The late 1930s were a turbulent time within the National Government, with rebellions over foreign policy, over unemployment, over agriculture and other matters routinely threatened to rock the government. Margesson was instrumental in heading off many of the rebellions and limiting damage caused by others. He was instrumental in warding these off for Baldwin and then Neville Chamberlain. However, a well of discontent with the government's foreign policy grew, especially after Britain entered World War II. Eight months into the conflict, severe reverses in the Norwegian campaign led to the two-day "Norway Debate" of 7 and 8 May 1940 in which the government came under severe criticism from its own supporters and witnessed a massive rebellion on a motion of confidence. The government maintained a majority, but Margesson's soundings revealed that that majority was imperilled unless the political composition of the government was widened. When Chamberlain realised that he was unable to do so, he resigned and was succeeded by Churchill.

Margesson was referred to in the book "Guilty Men" by Michael Foot, Frank Owen and Peter Howard (writing under the pseudonym "Cato"), published in 1940 as an attack on public figures for their failure to re-arm and their appeasement of Nazi Germany.[3]

Secretary of State for War, 1940–1942

Margesson (standing, second from right) with other members of the Churchill Coalition War Cabinet

Many were surprised that Churchill retained Margesson as Chief Whip, little realising that there was no personal animosity between the two and that Churchill would have had less regard for Margesson if he had not carried out his functions as Chief Whip. Margesson proved a useful buttress of support as Churchill consolidated his position in government.

Margesson, who was living at the Carlton Club since his recent divorce, was present when it was bombed by the Luftwaffe on 14 October 1940. He was left homeless and had to sleep for a time on a makeshift bed in the underground Cabinet Annexe.[4][5]

When, at the end of 1940, the position of Secretary of State for War fell vacant, Margesson was promoted to it.

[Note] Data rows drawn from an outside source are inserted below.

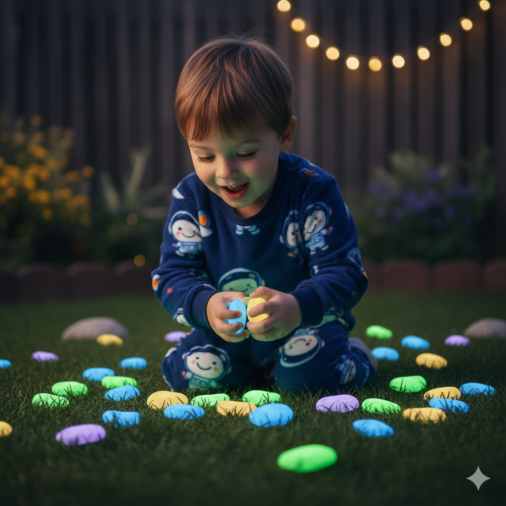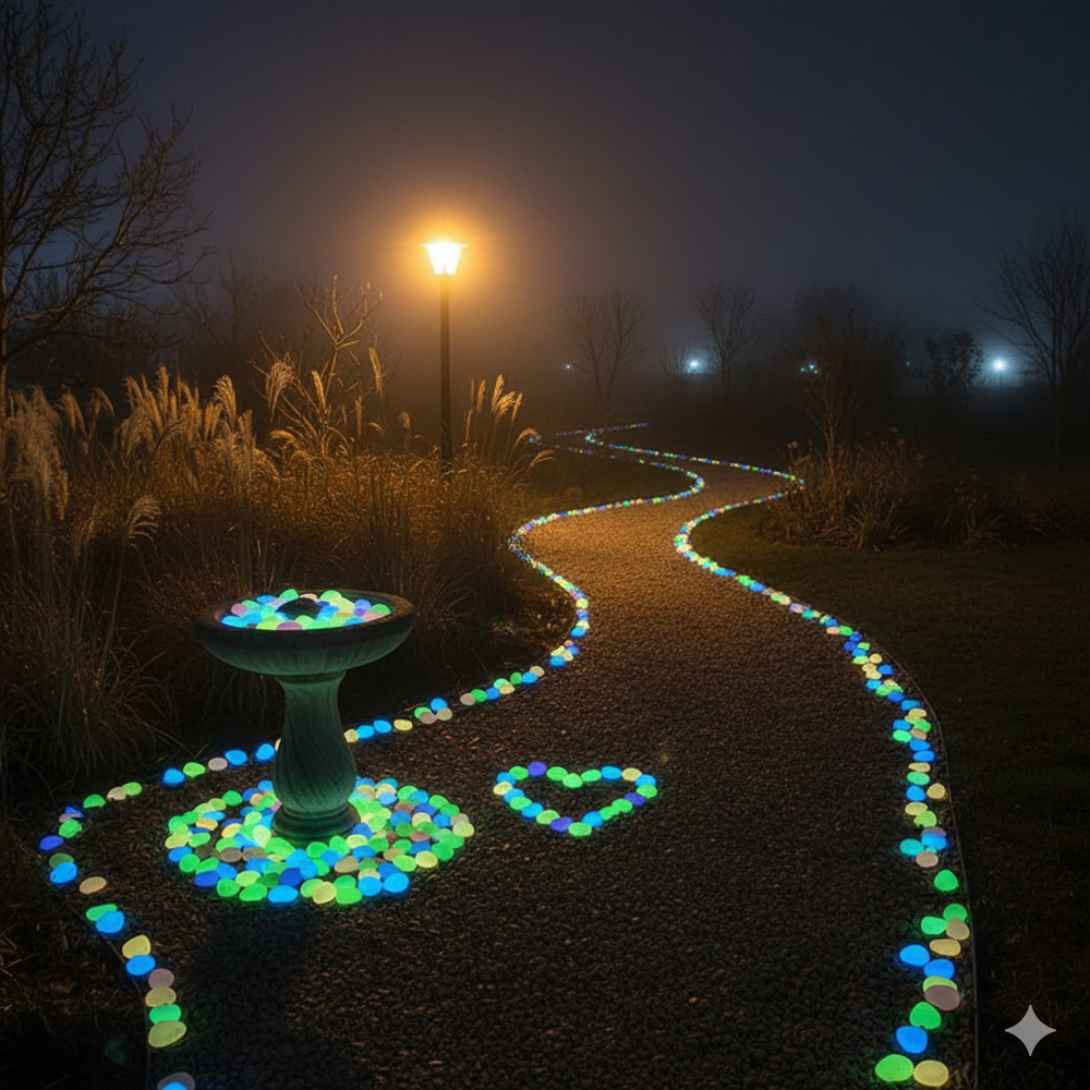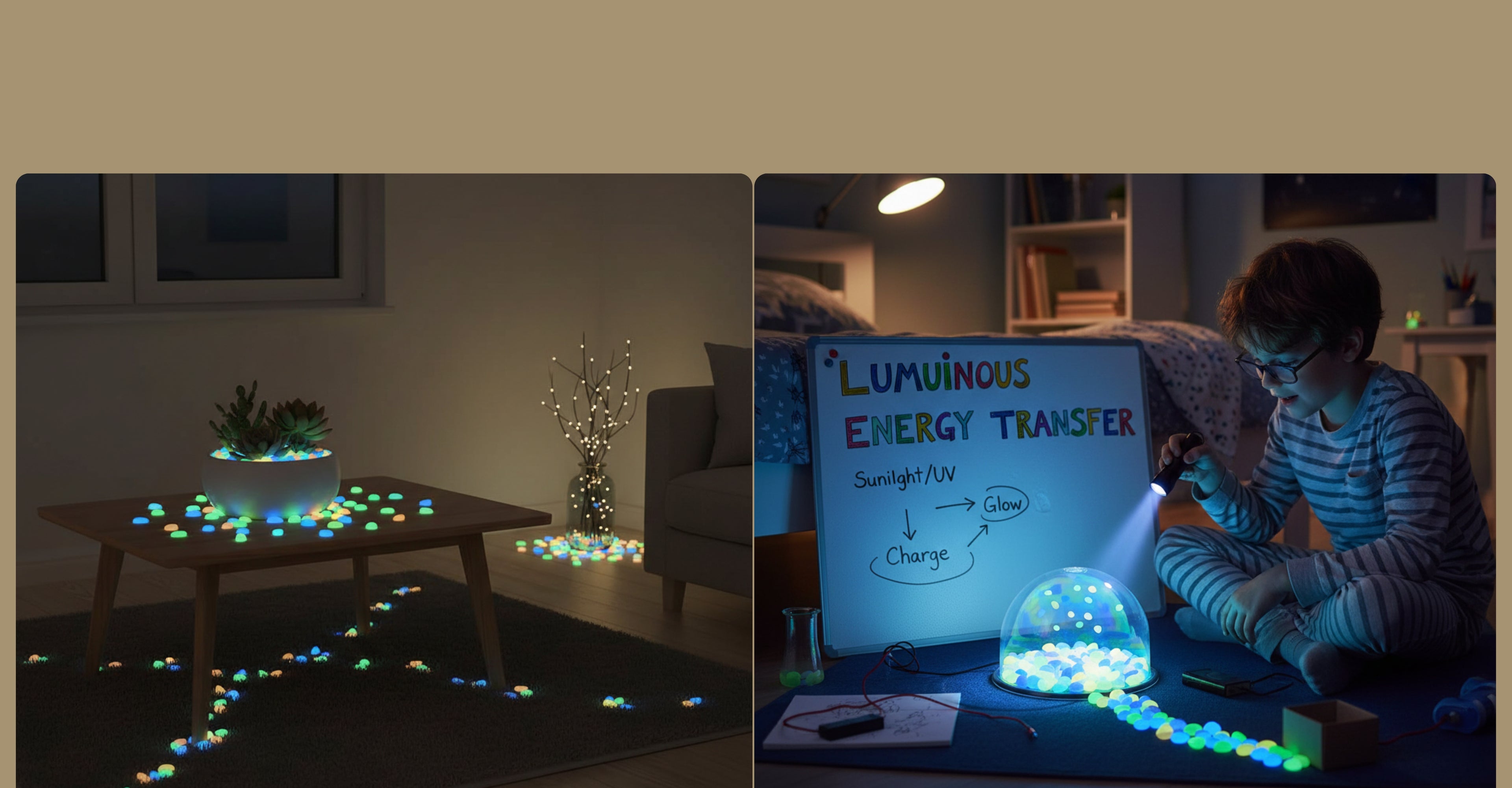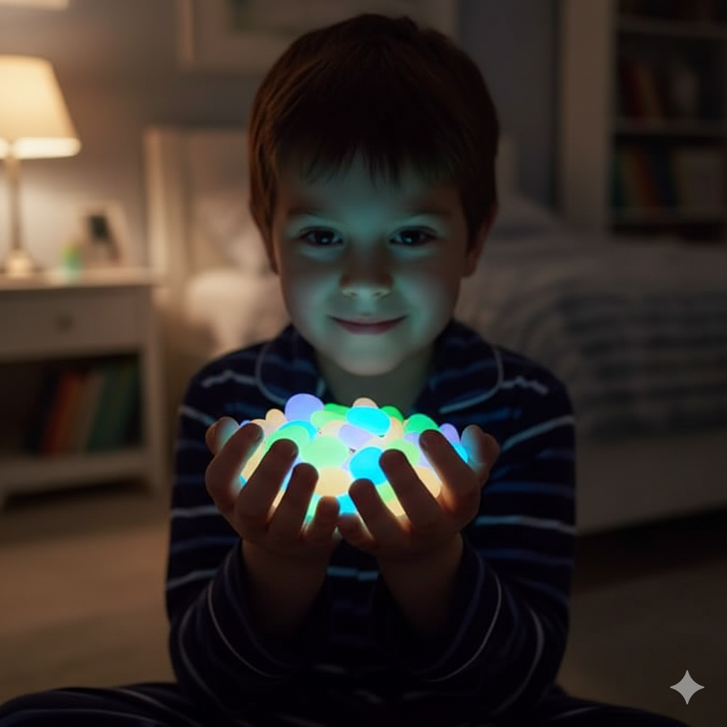 LumiPebble™ is designed to glow naturally without batteries, electricity, or chemical additives. The smooth, rounded stones are safe for kids to touch, play with, and use in creative projects — and completely harmless around pets, plants, and aquariums.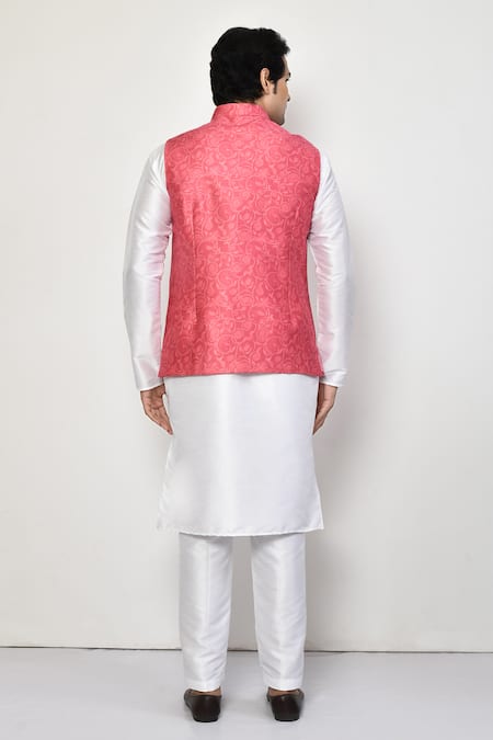 Pink bundi featuring an all-over floral vine pattern. Paired with a white straight kurta and pant.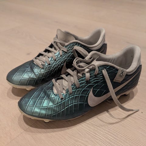 Nike Tiempo Legend 8 fotballsko i hvit farge, størrelse 42. Skoene har knotter for bruk på kunstgress. Brukt en halv sesong, byttes grunnet kjøp av nye sko. Nypris 1250,-kr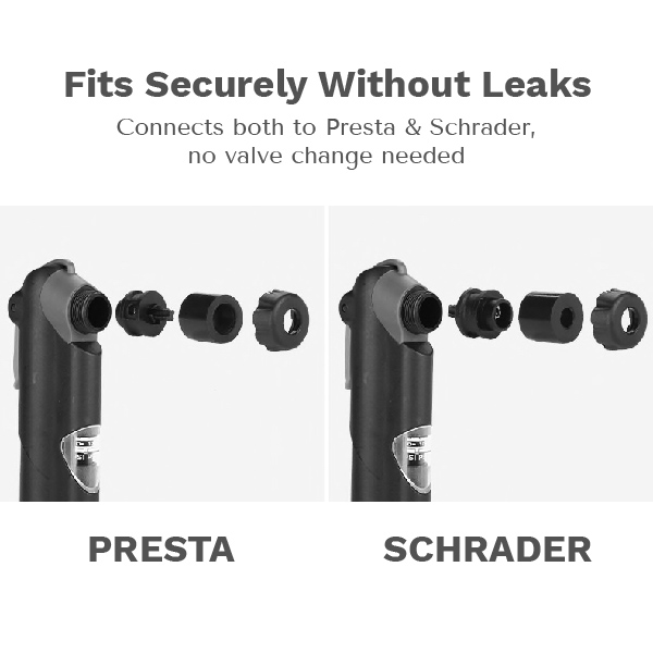 ✔️ EASY TO USE — No hose needed to connect to the tire. Works with both Presta and Schrader tire valves – with a quick flip of the valve (no additional tools required) you can adapt to both types of tires.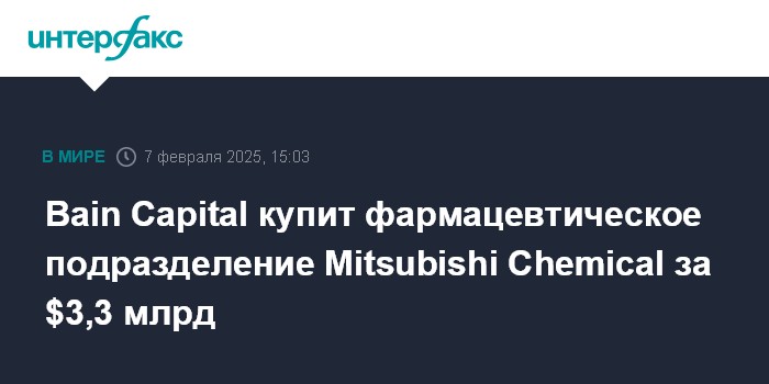 Москва. 7 февраля. INTERFAX.RU - Американская инвесткомпания Bain Capital покупает Mitsubishi Tanabe Pharma – фармацевтическое подразделение японской Mitsubishi Chemical Group, за 510 млрд иен ($3,3 млрд).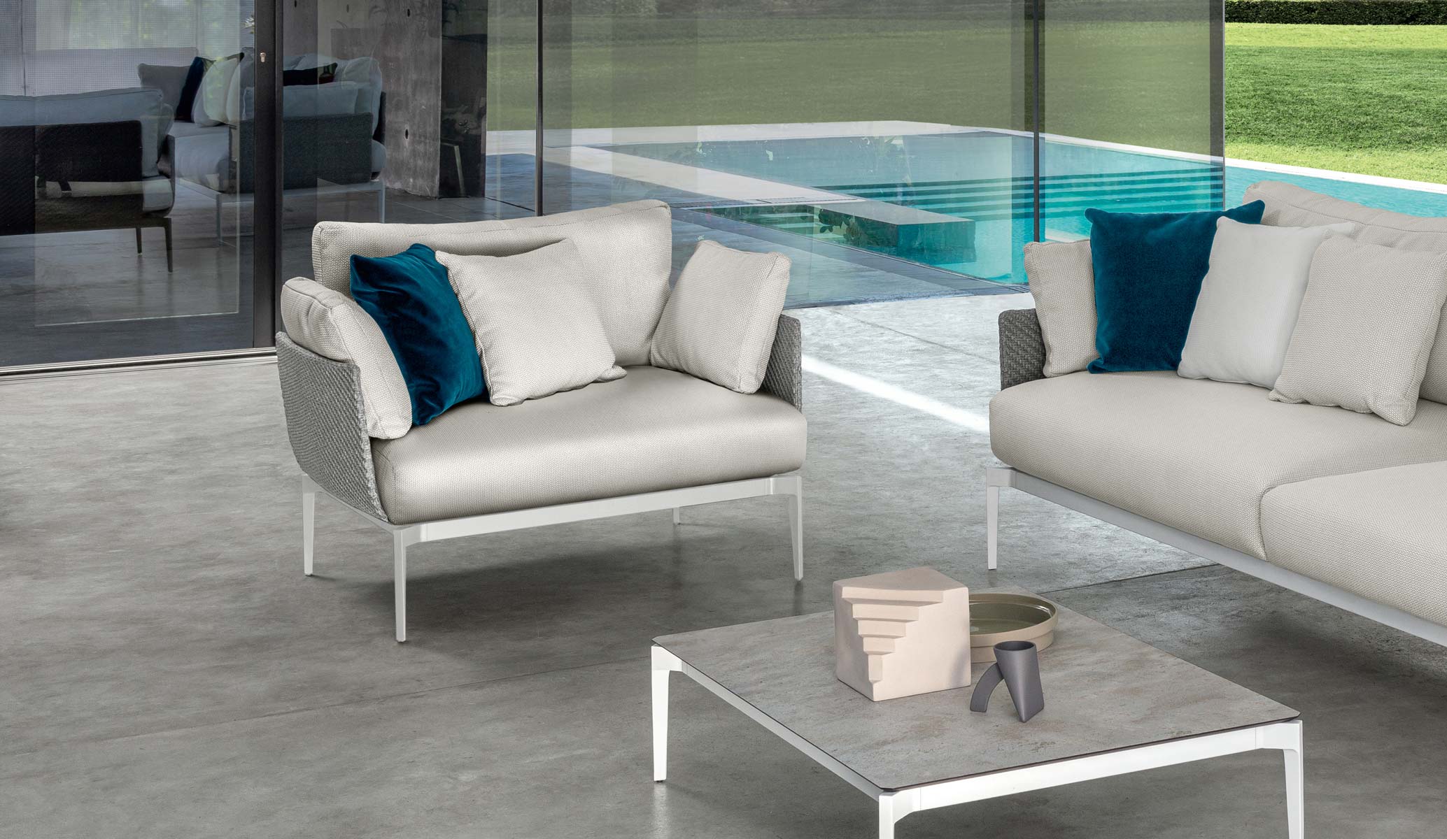 The Leaf living armchair is characterised by an elegant and light aluminium frame combined with very soft and sensual cushions. Its comfortable seat will be perfect to spend beautiful days or long summer evenings sitting comfortably under a starry sky.This living Armchair is the ideal product to bring out your outdoor space.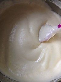 把打好的蛋清放入蛋黄糊中搅拌均匀,切记不要混圈,十字花上下搅拌,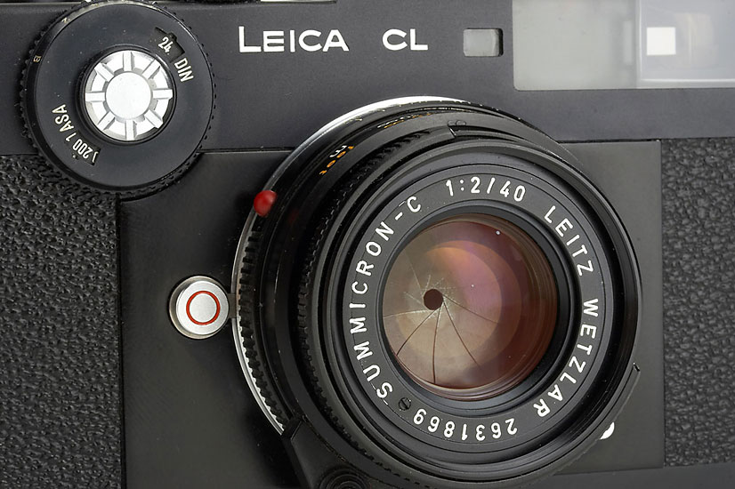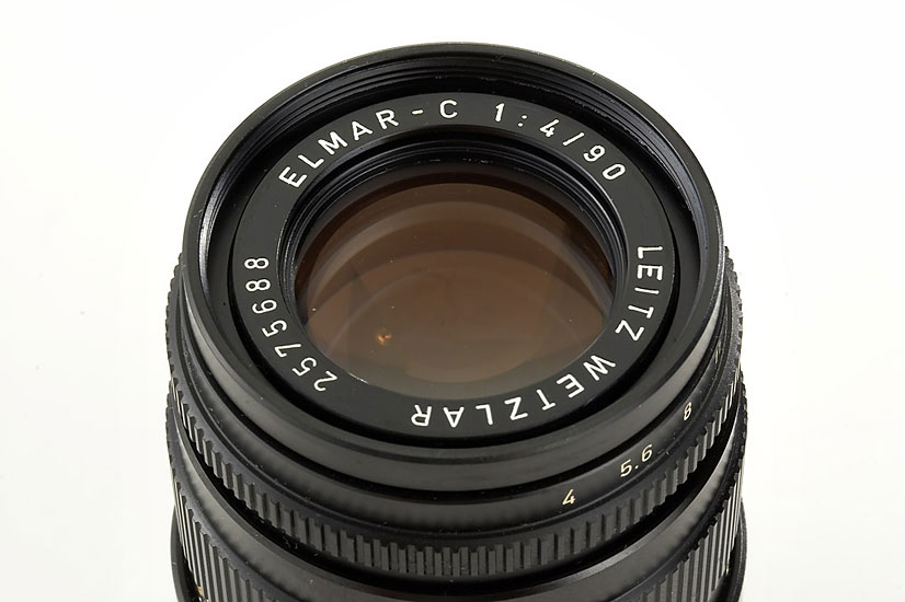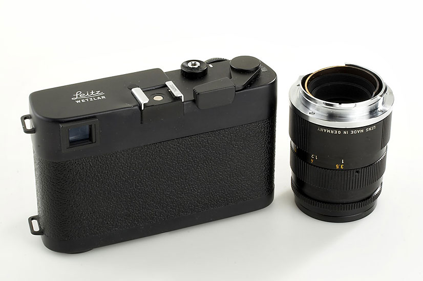 camera in perfect working order (dent near accessory shoe), near mint Summicron-C 2/40mm no.2631869 (filter, hood, cap), strap, case, mint Elmar-C 4/90mm no.2575688 (filter, hood, caps)

Margesson proved competent and efficient, but in February 1942, Britain suffered severe military setbacks, including the loss of Singapore. Churchill was forced to make changes to his ministerial team and find scapegoats for the disasters. Margesson was dropped and replaced by his own Permanent Under-Secretary P. J. Grigg, an unprecedented move. Margesson was first told of the change by Grigg himself but accepted his fate as necessary for the government's future. Later that year, he was made Viscount Margesson, of Rugby in the County of Warwick.[6] His political influence waned sharply. He subsequently worked in the City of London.

Family

Margesson married Frances, the half-sister of Alberta Montagu, Countess of Sandwich and daughter of Francis Howard Leggett and Betty Leggett, in 1916. They had one son and two daughters but were divorced in 1940. Their second daughter, the Hon. Mary, married Lord Charteris of Amisfield. Lord Margesson died in the Bahamas in December 1965, aged 75, and was succeeded in the viscountcy by his only son, Francis.

Arms

Coat of arms of David Margesson, 1st Viscount Margesson
Crest
Upon a coronet composed of four roses set upon a rim Or a lion passant guardant Sable collared Gold and charged with a rose Argent barbed and seeded Proper.
Escutcheon
Sable a lion passant guardant Argent a chief engrailed Or thereon between two pallets Azure a pale of the last charged with an ostrich feather erect of the second.
Supporters
On either side a falcon wings elevated Argent armed and belled Or and charged with a portcullis chained Sable.
Motto
Loyaute Me Lie[7]

Book

  • Stewart, Graham (2000). Burying Caesar: Churchill, Chamberlain and the Battle for the Tory Party. London: Phoenix. ISBN 978-0-75381-060-6.

References

  1. Wheatcroft, Geoffrey (18 August 2005). The Strange Death of Tory England. Allen Lane. ISBN 9780713998016 via Google Books.
  2. "No. 33922". The London Gazette. 17 March 1933. p. 1847.
  3. Cato (1940). Guilty men. London: V. Gollancz. OCLC 301463537.
  4. the event is also discussed in Their Finest Hour, Volume II of Churchill's History of the Second World War, p. 285
  5. Stewart 2000, p. 443
  6. "No. 35544". The London Gazette. 1 May 1942. p. 1915.
  7. Burke's Peerage. 1959.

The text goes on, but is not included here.